Рукопись Бэрсара - страница 261


— Баруф, — тихонько спрашиваю я. Да, я один. Я у себя. Немного отдохну, потом спущусь. — Баруф, ты знаешь, что меня тревожит? Что мы с тобой ускорили прогресс. Ты двинул Квайр на новую ступеньку, а я такого насажал в Бассоте…

— Не будь ханжой, Тилам! Прогресс не есть абсолютное зло. Или ты считаешь, что дикость — благо?

— Зло — это соединение дикости с техническим прогрессом. Я боюсь, что они будут еще совсем дикарями, когда изобретут пушки и бомбы.

— Понимаю! Ты исходишь из того, что Олгон — страна всеобщего счастья. Его ведь никто не подталкивал и не мешал четыреста лет искоренять свою дикость.

— Неужели ты не понимаешь…

— Почему же? Если новый мир окажется не лучше Олгона — что же, отрицательный результат — это тоже результат. Это значит только, что всякая цивилизация обречена на гибель.

— Нет, — говорю я ему. — Это значит, что мы напрасно убили миллиарды людей — не только наших современников, но их родителей, дедов и прадедов.

— Ты стал злоупотреблять ораторскими приемами. Тем более, что это неточно.
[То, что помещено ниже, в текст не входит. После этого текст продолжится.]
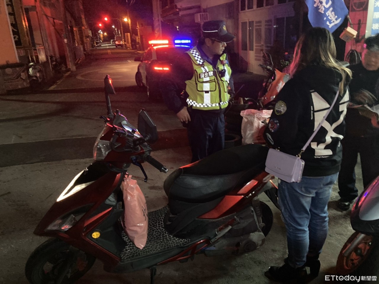 頭份警方表示,大河派出所副所長羅經仁、警員沈春安,日前晚間9時45分執行巡邏勤務,巡經苗栗縣三灣鄉臺3線100.5公里處發現有女子神情緊張獨自一人站在機車旁,遂上前關心,經了解劉姓女子所騎機車後輪爆胎,無法行駛。
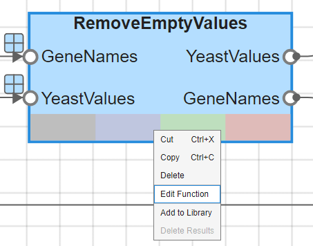 The UserFunction block RemoveEmptyValues removes all genes that are marked as 'EMPTY' or have NaN expression levels.
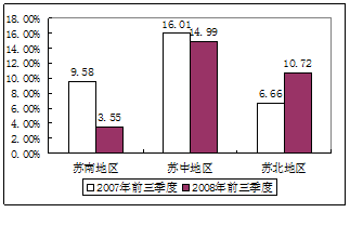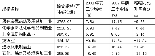 材料一?江苏省2008年前三季度部分行业综合能耗增幅变动情况表
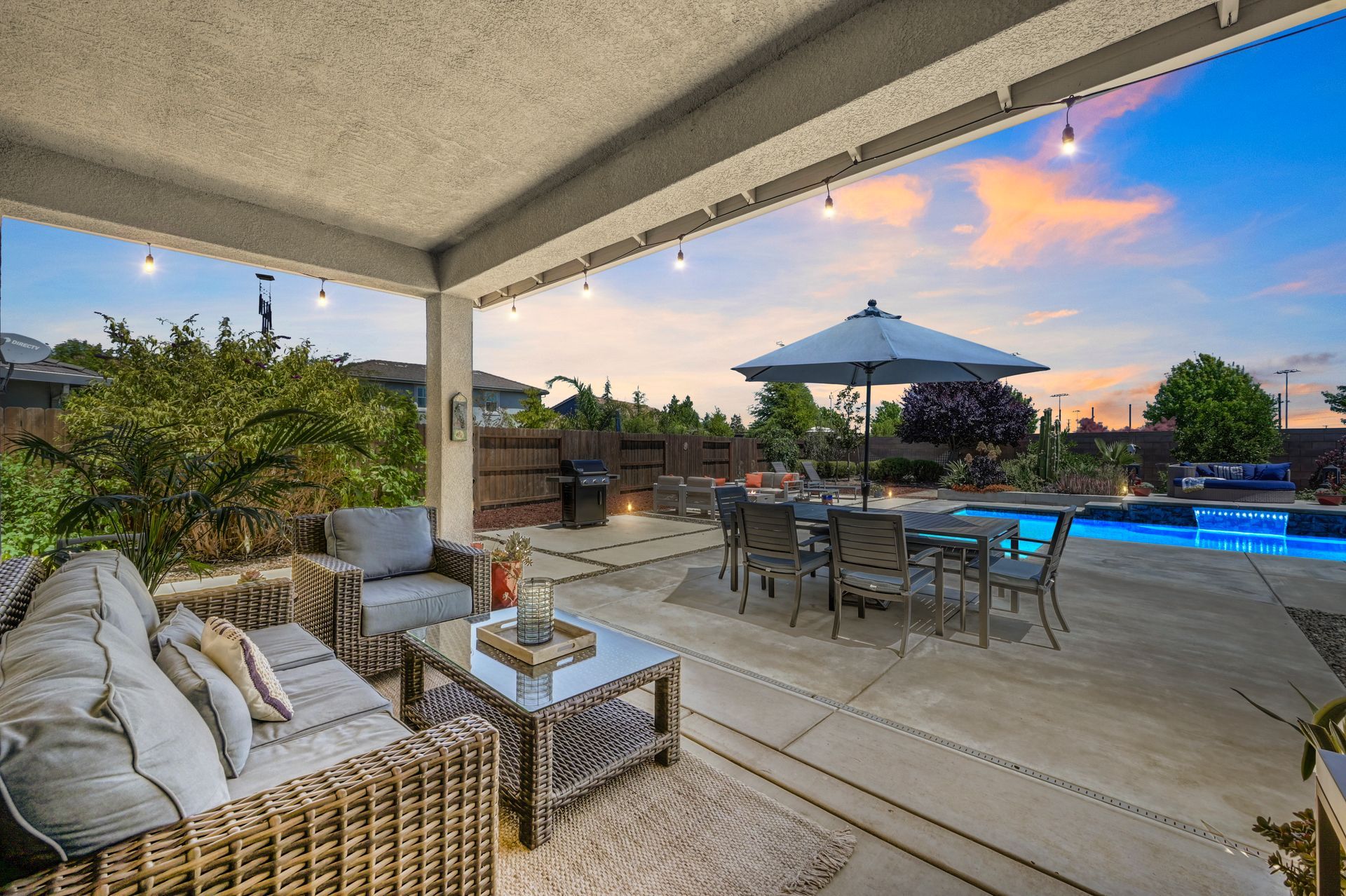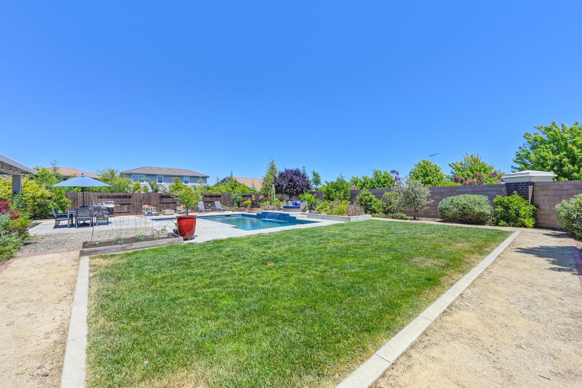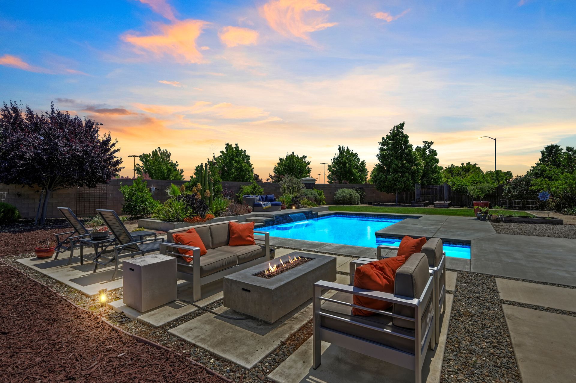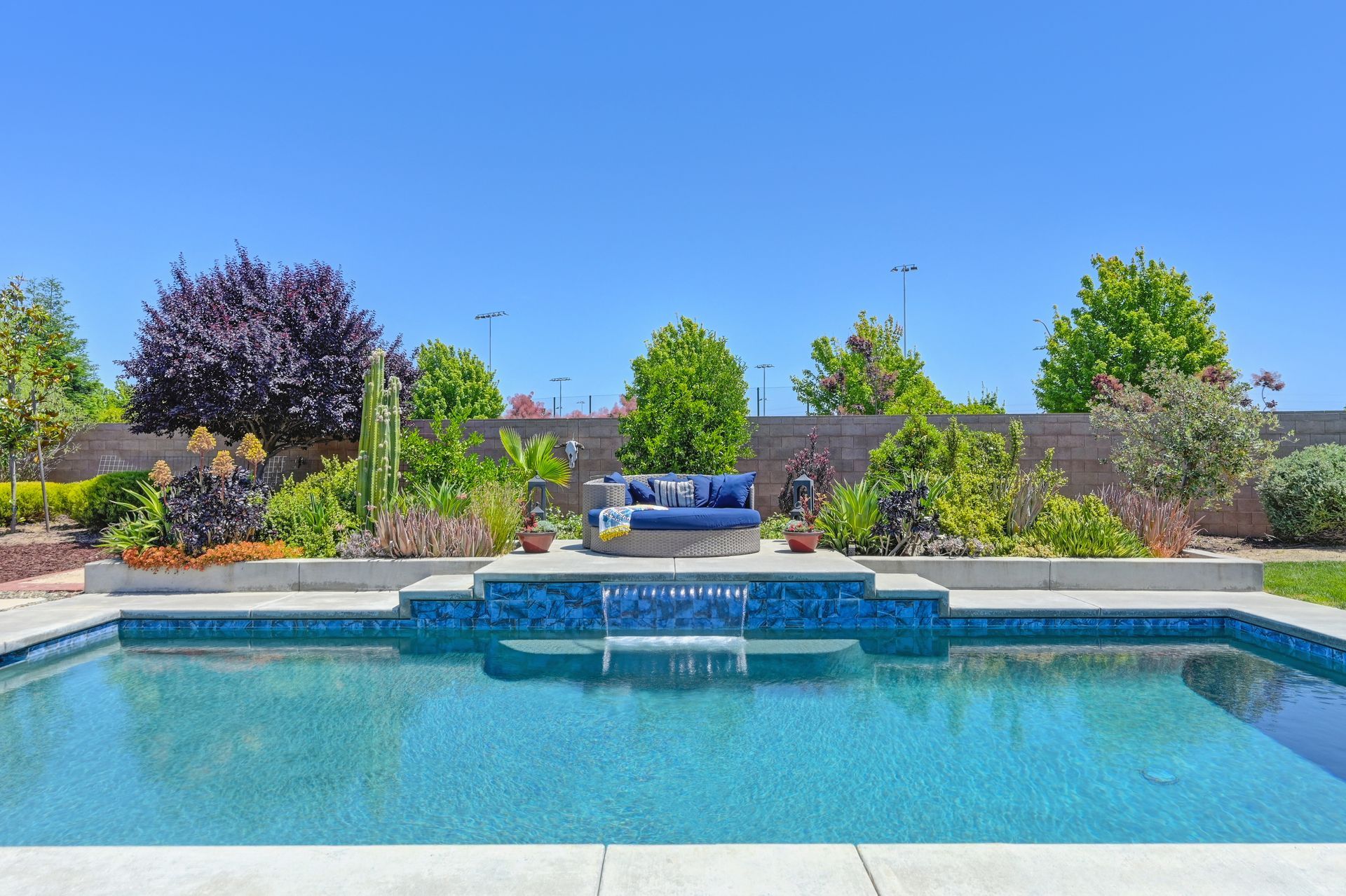 Host unforgettable gatherings in the expansive backyard, featuring a covered patio, a sleek, modern saltwater pool with a sheer descent waterfall and a Cabo shelf with umbrella holder.

Люди все равно родятся — не эти, так другие.

— Но другие. Ты забываешь, что это будущее уже было и настоящим, и прошлым. Эти люди б ыл и, Баруф!
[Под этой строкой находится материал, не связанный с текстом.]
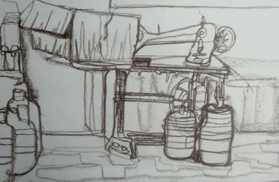 watercolor tools, acrylic tools, wet charcoal, DIY home art supplies
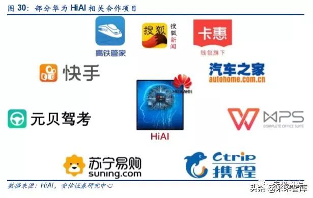 HiAI 是华为推出的针对麒麟芯片,面向以手机为主的终端领域的 AI 平台。HiAI 已完成两代产品迭代,HiAI 1.0 于 2017年发布,并在搭载麒麟 970 的华为手机 P20 系列上首发兼容;HiAI 2.0 于 2018 年末发布,用于匹配麒麟 980,同时增添了一系列新功能。目前,HiAI已公 开的商业落地项目达 11 项,其中包含苏宁、快手、WPS 等大型企业。
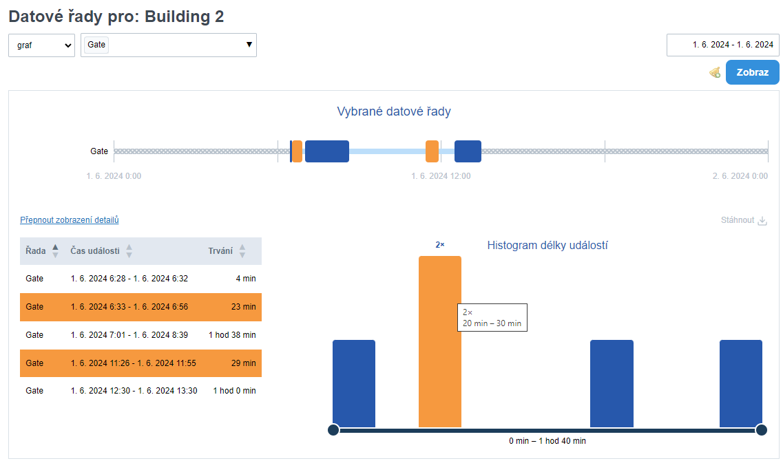 Příklad: Zobrazením binární řady snímající otevřené, nebo zavřené dveře do budovy můžete zjistit, jak často k této události během dne dochází a jak se to může projevit na úniku tepla z budovy, která vede ke zvýšené spotřebě.
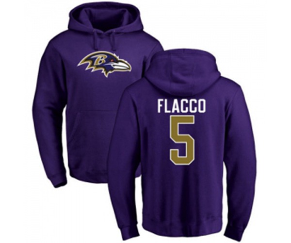 Baltimore Ravens #5 Joe Flacco Purple Name & Number Logo Pullover Hoodie
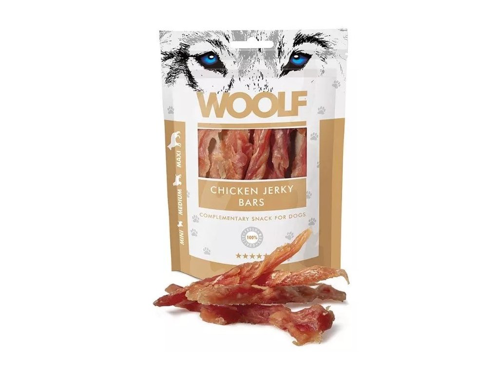 Kuřecí jerky jsou vhodné pro psy, kteří se rádi zabaví na delší dobu. Pochoutku musí nejdříve pořádně rozžvýkat, než ji polknou. Díky tomu dochází k masáži dásní a čištění dutiny ústní. Pochoutky Woolfsnacks jsou speciálně navrženy pro psy všech plemen. Při výrobě jsou ze 100% použity bílkoviny té nejvyšší kvality pro co nejlepší příjem potravy. Veškeré pochoutky Woolfsnacks, jakmile se vyrobí, jsou zabaleny bez chemických přísad, konzervačních látek, nebo barviv. Nekonzumovat okysličovadlo.

И опять, как при жизни, он отмахивается от проблемы, для него это не проблема, ее просто не существует.

— Не все ли равно — не жить или умереть? Чепуха, Тилам! Лучше подумай: не рано ли ты начинаешь блокаду Квайра?
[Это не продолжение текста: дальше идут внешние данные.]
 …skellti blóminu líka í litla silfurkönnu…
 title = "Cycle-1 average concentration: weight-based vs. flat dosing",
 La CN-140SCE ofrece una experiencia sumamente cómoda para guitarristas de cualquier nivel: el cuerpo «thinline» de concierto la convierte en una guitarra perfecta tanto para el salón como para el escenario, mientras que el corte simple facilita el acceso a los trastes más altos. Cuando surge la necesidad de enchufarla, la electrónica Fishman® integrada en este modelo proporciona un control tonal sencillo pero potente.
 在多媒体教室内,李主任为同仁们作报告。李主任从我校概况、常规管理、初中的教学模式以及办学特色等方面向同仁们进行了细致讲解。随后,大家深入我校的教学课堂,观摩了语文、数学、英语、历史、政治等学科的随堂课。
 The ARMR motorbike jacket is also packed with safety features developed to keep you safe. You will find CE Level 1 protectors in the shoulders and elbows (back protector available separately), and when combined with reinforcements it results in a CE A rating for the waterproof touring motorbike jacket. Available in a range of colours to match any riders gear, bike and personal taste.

И тут вдруг открылась дверь и вошла Суил. Обычно она не заходит ко мне в кабинет, оберегая мое уединение, а тут вошла по — хозяйски, осмотрелась и вдруг говорит с досадой:

— А! Оба здесь!

— Ты о чем, Суил?

— Об Огиле, о ком еще? А то я не чую, когда он заявляется!

Я тупо гляжу на нее, не зная, что ей сказать. Это даже не мистика, потому что Баруфа нет. Я ношу Баруфа в себе, как вину, как память, как долг, но это только вина, только память и только долг.

Зря я так на нее смотрю. Выцветает в сумерки теплый вечерний свет, ложится тенями на ее лицо, и это уже совсем другое лицо, и это уже совсем другая Суил.

Красивая сильная женщина, уверенная в себе. Она была очень милой, моя Суил, а эта, оказывается, красива. Она была добродушна и откровенна, моя Суил, а эта женщина замкнута и горда. И когда она садится напротив меня, я уже не верю, что это моя жена, самый мой близкий, единственный мой родной человек.

— Ушел, — говорит Суил. — Ну и ладно! Давно нам пора потолковать, Тилар.

— О чем, птичка?

Наверное, это прозвучало не так, потому что в ее лице промелькнула тревога. Тень на лице и быстрый пытливый взгляд, и теперь я вижу, что это моя Суил. Другая Суил — но моя.

— Тилар, — сказала она, — ты не перебивай, ладно? Я давно хотела, да все не могла. То тебя нет, а то здесь — а все равно тебя нет.

— Тяжело со мной, птичка?

— А я легкой жизни не ждала! Не зря молвлено: за неровню идти, что крыльцо к землянке строить. И самому неладно, и людей насмешишь. Нет, Тилар, не тяжко мне с тобой. Обидно мне.

Молчу. Вот и до обид дошло.

— Ну хорошо, Суил. Я видел тебя такою, какой хотел видеть, и любил такую, какую видел. А что теперь?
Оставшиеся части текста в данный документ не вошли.